**Records shown**
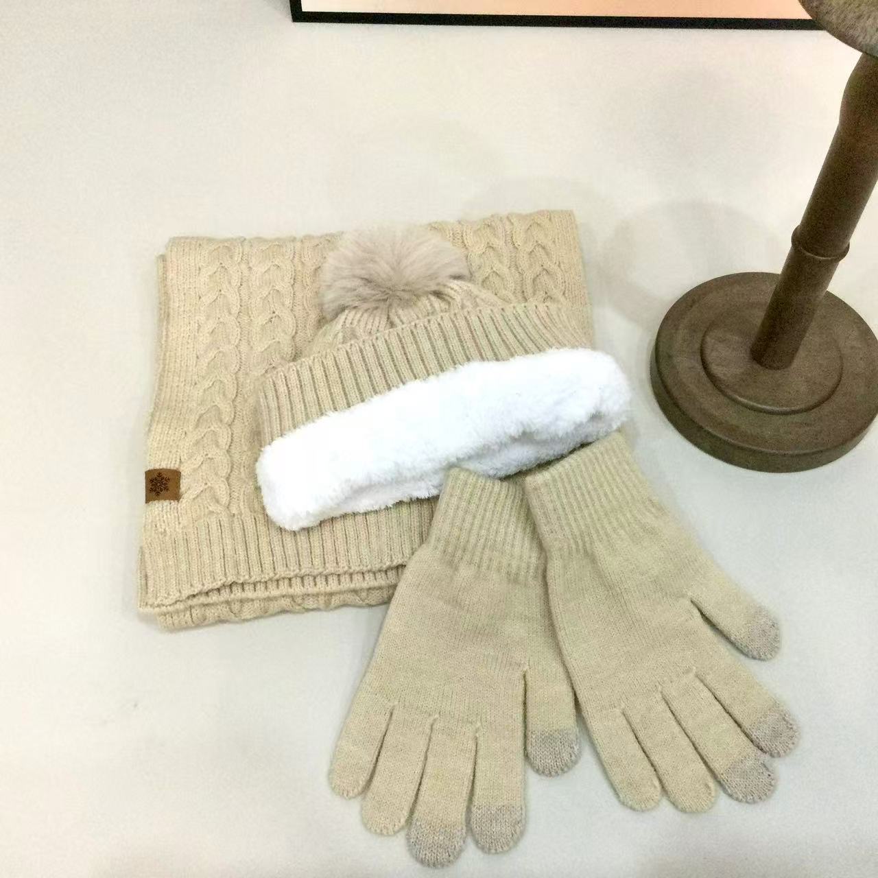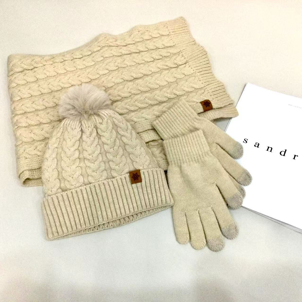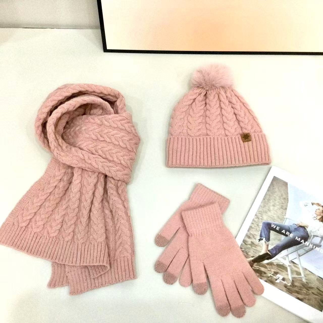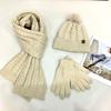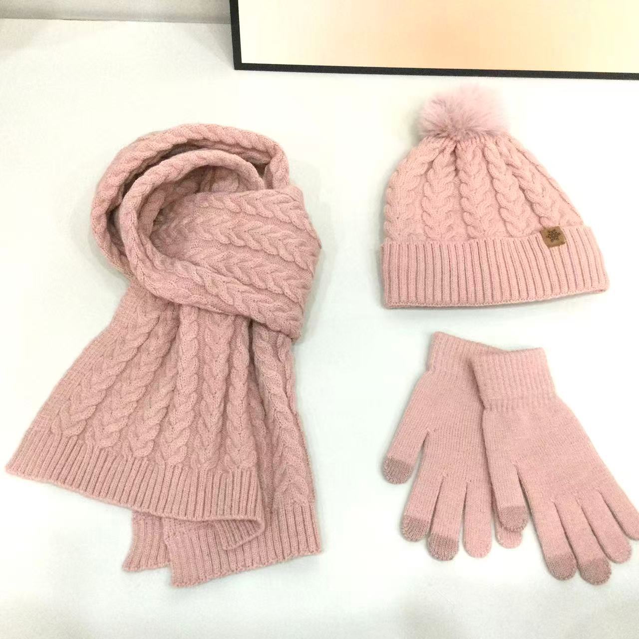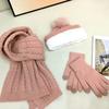 Amazon Transfronterizo Nuevo Estilo Coreano Trenzado Lana Color Puro Bufanda Guantes Sombrero Traje Cálido de Invierno de Tres Piezas
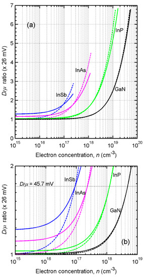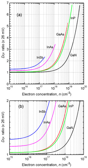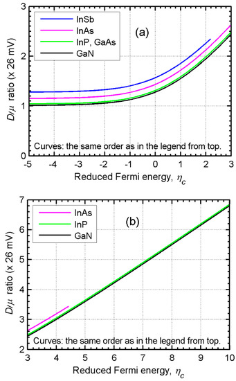 Figure 4, Figure 5 and Figure 6 have been obtained by considering only the lowest CB. However, the compound semiconductors used for these figures have another upper CB, in which it is possible for some electrons to occupy at very large Fermi energies, i.e., in heavy-doping conditions. In GaAs, the upper CB is separated only by 0.3 eV from the lowest CB, while it is separated by 0.4 eV or more than this energy in the other semiconductors (∆Г−L = 0.3 eV for GaAs, ∆Г−X = 0.4 eV for InSb, ∆Г−L = 0.59 eV for InP, ∆Г−L = 0.72 eV for InAs, and ∆Г−X = 1.22 eV for GaN) [26]. It has been found at room temperature that for the semiconductors, except GaAs, the electron concentration in the upper CB is negligibly small at ηc = 10; this is not so for GaAs when ηc > 7 or n > 7.5 × 1018 cm−3, as indicated by the extension of the D/μ ratio curve for GaAs with dashes for values above D/μ = 4.8 (×26 mV) in Figure 5a.
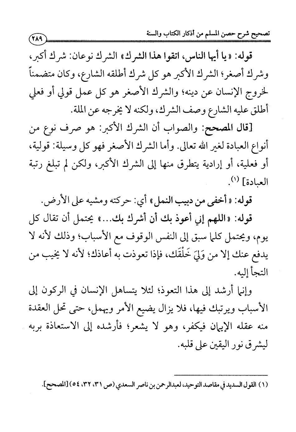 (¬1) القول السديد في مقاصد التوحيد، لعبد الرحمن بن ناصر السعدي (ص 31، 32، 54) [المصحح].
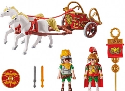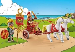 Presentiamo il divertente set da gioco Playmobil ispirato al mondo di Asterix, che include il senatore Bruto e un altro soldato romano, due cavalli bianchi, il carro, elmetti, scudo, stendardo e molti altri accessori per giochi di ruolo creativi.
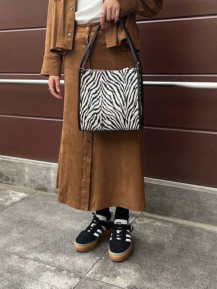 〔ONE SIZE〕SHIPS any: レオパード ゼブラ スクエア トート バッグ
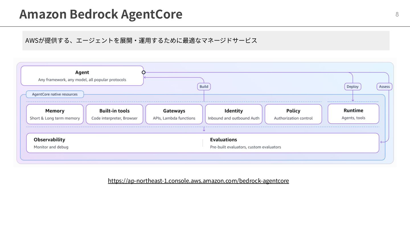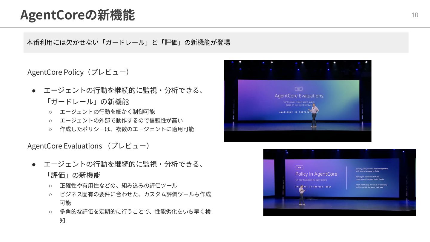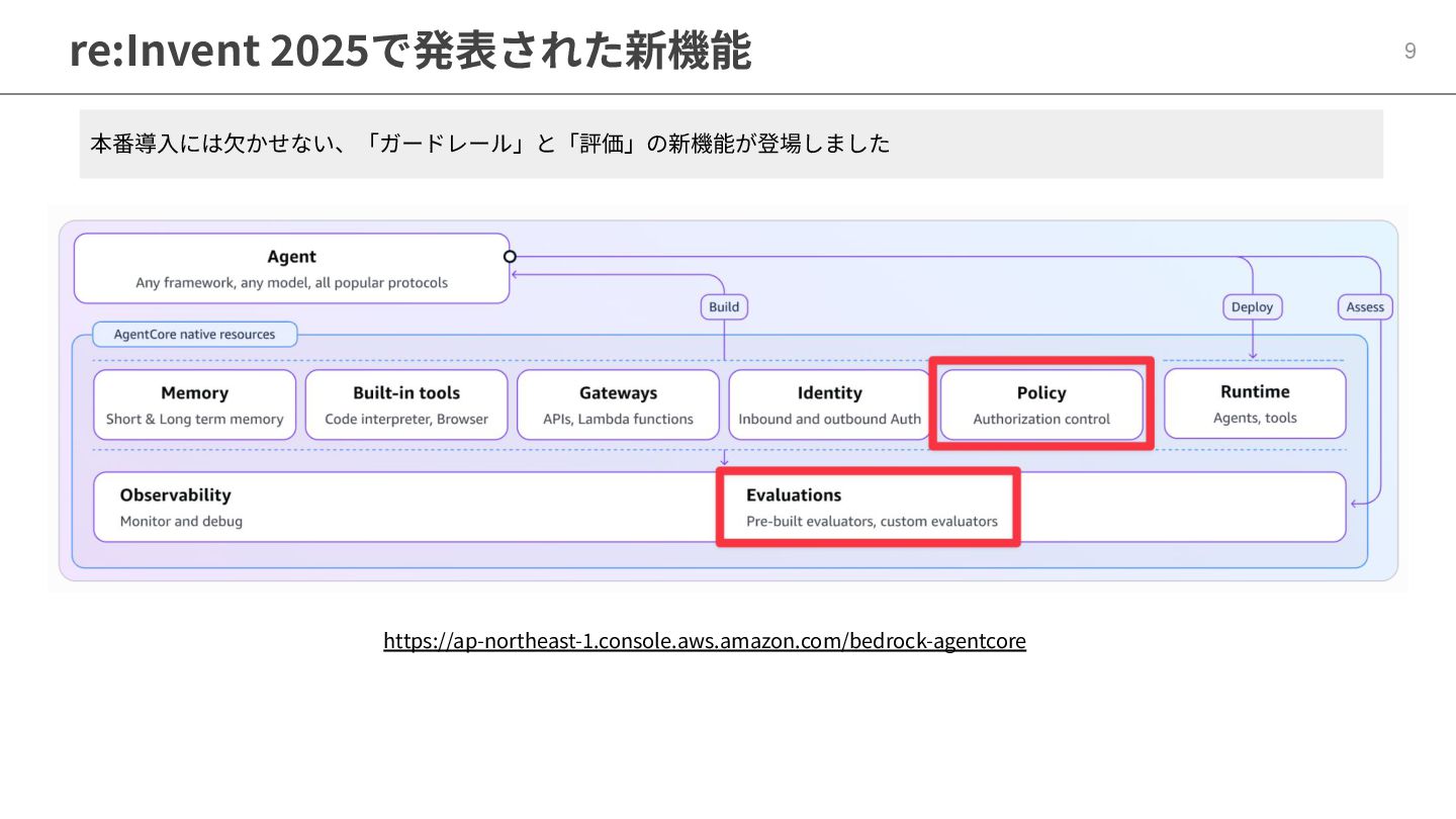 エージェントの外部で動作するので信頼性が⾼い ◦ 作成したポリシーは、複数のエージェントに適⽤可能 AgentCore Evaluations (プレビュー) • エージェントの⾏動を継続的に監視‧分析できる、 「評価」の新機能 ◦ 正確性や有⽤性などの、組み込みの評価ツール ◦ ビジネス固有の要件に合わせた、カスタム評価ツールも作成 可能 ◦ 多⾓的な評価を定期的に⾏うことで、性能劣化をいち早く検 知 本番利⽤には⽋かせない「ガードレール」と「評価」の新機能が登場
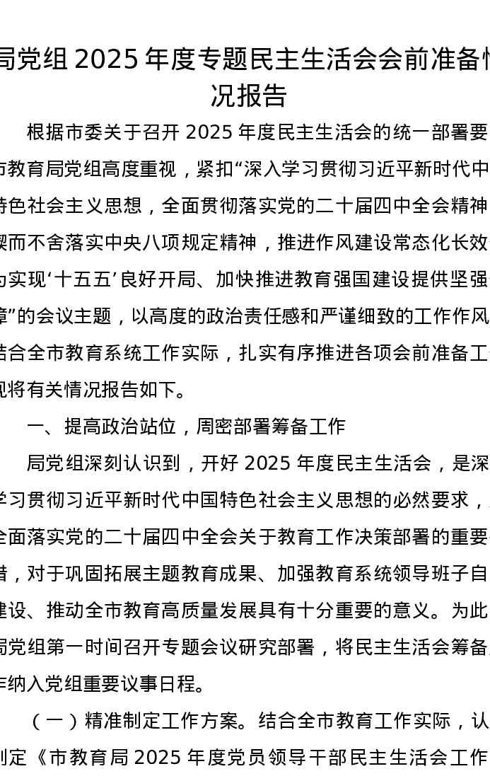 局党组2025年度专题xxxxx会前准备情况报告(五个带头)
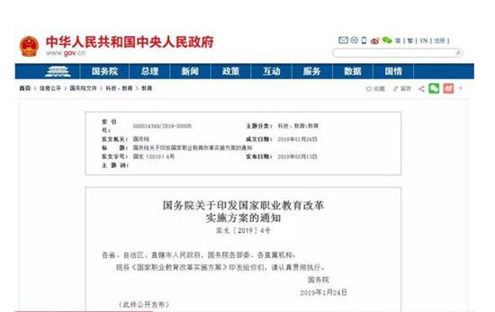 近日,國務院印發了《國務院關于印發國家職業教育改革實施方案的通知》(以下簡稱“通知”),這篇8700多字的文件對職業教育提出了全方位的改革設想,干貨滿滿。
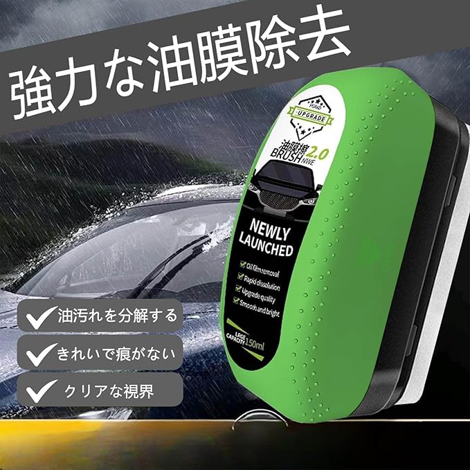 疎水効果:当社の油膜取りクリーナー、雨の中でも水をはじく疎水効果があり、最適な視界を確保します
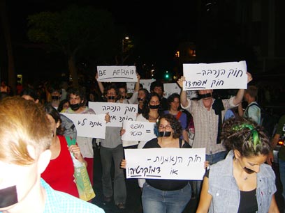 Some 40 concerned citizens marched in Tel Aviv on Wednesday night in protest of the proposed Nakba and loyalty laws.

**Problem statement**
Your answer must be an exact copy of the entries above, with no pictures in it.

**Result**
 Amazon Transfronterizo Nuevo Estilo Coreano Trenzado Lana Color Puro Bufanda Guantes Sombrero Traje Cálido de Invierno de Tres Piezas
 Figure 4, Figure 5 and Figure 6 have been obtained by considering only the lowest CB. However, the compound semiconductors used for these figures have another upper CB, in which it is possible for some electrons to occupy at very large Fermi energies, i.e., in heavy-doping conditions. In GaAs, the upper CB is separated only by 0.3 eV from the lowest CB, while it is separated by 0.4 eV or more than this energy in the other semiconductors (∆Г−L = 0.3 eV for GaAs, ∆Г−X = 0.4 eV for InSb, ∆Г−L = 0.59 eV for InP, ∆Г−L = 0.72 eV for InAs, and ∆Г−X = 1.22 eV for GaN) [26]. It has been found at room temperature that for the semiconductors, except GaAs, the electron concentration in the upper CB is negligibly small at ηc = 10; this is not so for GaAs when ηc > 7 or n > 7.5 × 1018 cm−3, as indicated by the extension of the D/μ ratio curve for GaAs with dashes for values above D/μ = 4.8 (×26 mV) in Figure 5a.
 (¬1) القول السديد في مقاصد التوحيد، لعبد الرحمن بن ناصر السعدي (ص 31، 32، 54) [المصحح].
 Presentiamo il divertente set da gioco Playmobil ispirato al mondo di Asterix, che include il senatore Bruto e un altro soldato romano, due cavalli bianchi, il carro, elmetti, scudo, stendardo e molti altri accessori per giochi di ruolo creativi.
 〔ONE SIZE〕SHIPS any: レオパード ゼブラ スクエア トート バッグ
 エージェントの外部で動作するので信頼性が⾼い ◦ 作成したポリシーは、複数のエージェントに適⽤可能 AgentCore Evaluations (プレビュー) • エージェントの⾏動を継続的に監視‧分析できる、 「評価」の新機能 ◦ 正確性や有⽤性などの、組み込みの評価ツール ◦ ビジネス固有の要件に合わせた、カスタム評価ツールも作成 可能 ◦ 多⾓的な評価を定期的に⾏うことで、性能劣化をいち早く検 知 本番利⽤には⽋かせない「ガードレール」と「評価」の新機能が登場
 局党组2025年度专题xxxxx会前准备情况报告(五个带头)
 近日,國務院印發了《國務院關于印發國家職業教育改革實施方案的通知》(以下簡稱“通知”),這篇8700多字的文件對職業教育提出了全方位的改革設想,干貨滿滿。
 疎水効果:当社の油膜取りクリーナー、雨の中でも水をはじく疎水効果があり、最適な視界を確保します
 Some 40 concerned citizens marched in Tel Aviv on Wednesday night in protest of the proposed Nakba and loyalty laws.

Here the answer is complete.